The Curious Case of Choice

Is it sexual harassment if a relationship between a man in power and a female subordinate is based on obligation or fear?

In a world of liberals and conservatives, I am forced to consider some middle paths. The attachment to some tags – liberal, feminist, humanist- sometimes make it difficult to even consider some thoughts. Nevertheless, let me try.

Consider this situation:

A male political leader is alleged of moral turpitude, as a result of an extra marital relation with a woman and the political party decides to expel the member based on this issue. An added offence was that the person was alleged to have used the official premises of the party for this incident.
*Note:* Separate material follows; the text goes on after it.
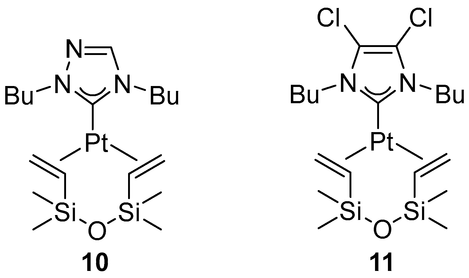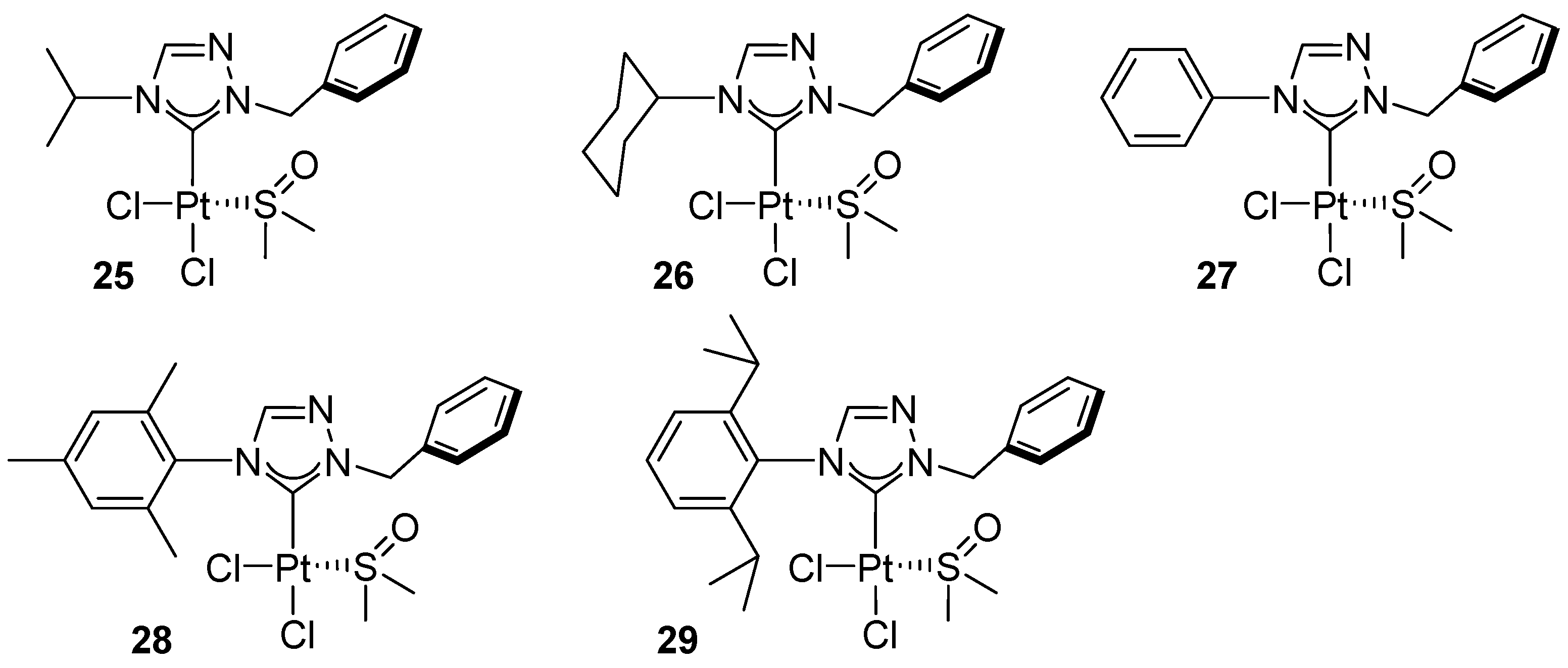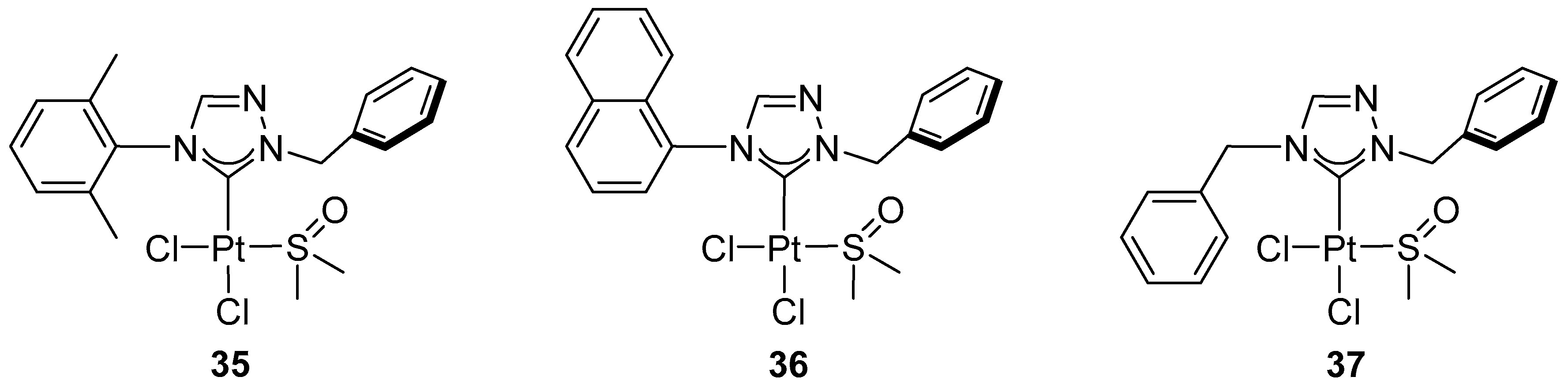 - Nguyen, V.H.; Dang, T.T.; Nguyen, H.H.; Huynh, H.V. Platinum(II) 1,2,4-Triazolin-5-Ylidene Complexes: Stereoelectronic Influences on Their Catalytic Activity in Hydroelementation Reactions. Organometallics 2020, 39, 2309–2319. [Google Scholar] [CrossRef]

Although this post is inspired by the above mentioned incident, it is not about the incident per se. The effort is to have a broader discussion on moral standards of public leaders. I have no idea what happened between the two people and that is not of interest to me. In this note, let me consider a hypothetical situation of a political leader who engages in extra marital sexual relations with a woman. 

I found that there are two responses to the question, “How fair was it to expel the person from the political party?”

There is no doubt that this decision would have appealed to the conservative sections of the society. A married man, engaging in extra marital sexual relations, does not appeal to their moral standards and therefore they may appreciate the move. Neither is our legal system free from such moral standards. Isn’t adultery still a crime?

The second type of response comes from people who hold a more liberal view about sex. They believe that consensual sex outside marriage is nobody’s business. The political party could have taken action against the member for using official premises for personal purposes. The party, however, has no business making moral judgments on a man’s personal life, especially regarding his choice of a sexual partner. This was an infringement on his sexual freedom.

For the sake of this post, henceforth I refer to these set of people as “liberals”.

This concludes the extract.